Validation of American College of Radiology Bone Reporting and Data System (Bone-RADS) Version 2023 for diagnosis of malignant tumors of appendicular bone on conventional radiographs

Eur J Radiol. 2024 Nov 28:183:111861. doi: 10.1016/j.ejrad.2024.111861. Online ahead of print.

Abstract

Purpose: To evaluate the diagnostic performance of the American College of Radiology(ACR) Bone Reporting and Data System (Bone-RADS) in diagnosis of malignant tumors of the appendicular bone on conventional radiographs.

Methods: Primary and secondary tumors of appendicular bone in patients who underwent radiographic and MRI examinations were classified into benign, intermediate, and malignant using a reference standard of histopathology, imaging follow-up, or clinical-radiologic consensus. Two radiologists assessed five radiographic features (margin, periosteal reaction, endosteal erosion, pathologic fracture, and extra-osseous mass), scored point total (points from radiographic features and a history of cancer), and assigned Bone-RADS categories. The diagnostic performance of Bone-RADS and interreader agreements were calculated.

Results: A total of 778 patients (507 benign, 45 intermediate, and 226 malignant tumors) were included. Bone-RADS showed high discrimination performance, with areas under the receiver-operating characteristics curve of 0.940-0.957 for point total and 0.895-0.900 for categorization. Bone-RADS had high sensitivity (95.2 %-99.1 %) and negative predictive value (NPV) (96.4 %-99.5 %), but relatively low specificity (65.0 %-68.6 %) and positive predictive value (PPV) (53.7 %-61.9 %). Interreader agreements were good to excellent for Bone-RADS point total (ICC = 0.850), categorization (k = 0.739), and most of the radiographic features (k = 0.621-0.822), except for endosteal erosion (k = 0.537) and extra-osseous mass (k = 0.234).
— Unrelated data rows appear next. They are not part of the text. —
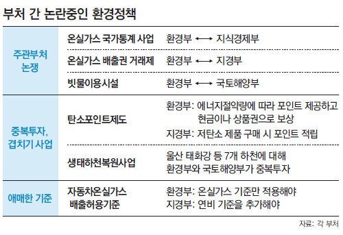 정부가 추진하는 녹색성장 및 환경정책이 부처 간 업무 조율이 제대로 되지 않아 각각 예산을 들여 추진하는 바람에 효율성이 떨어지고 예산 낭비도 심하다. 주관부처 논쟁에 휘말려 시작도 못한 정책도 있다.
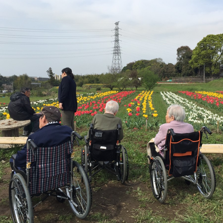 昨日はご利用者の皆さんと職員一同で、チューリップ見学に出かけました。デイサービスから5分程の場所にある「岡原花公園」(^ ^)
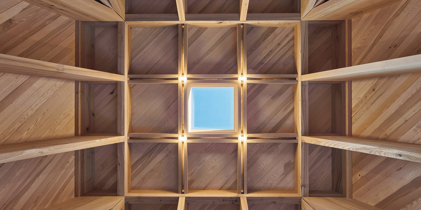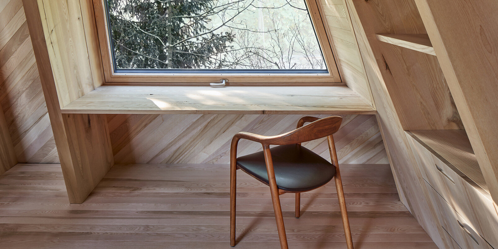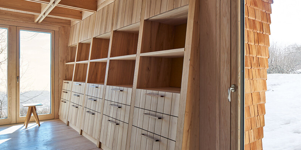 Структурная сетка с ячейками по 80 см даёт возможность менять размер дома — он может быть одноэтажным или трёхэтажным. Особенность проекта — крутая крыша, улучшающая климатические условия внутри. Дом построен из необработанного ясеня, заготовленного в лесу Зибентиш рядом с Аугсбургом.

Conclusion: In diagnosis of malignant bone tumors, ACR Bone-RADS showed high discrimination performance, with high sensitivity and NPV, but relatively low specificity and PPV. Nevertheless, relatively low interobserver agreement in some radiographic features and the consensus-based points system in Bone-RADS warrant further research and possible updates.

Keywords: ACR; Bone tumor; Bone-RADS; Conventional radiographs.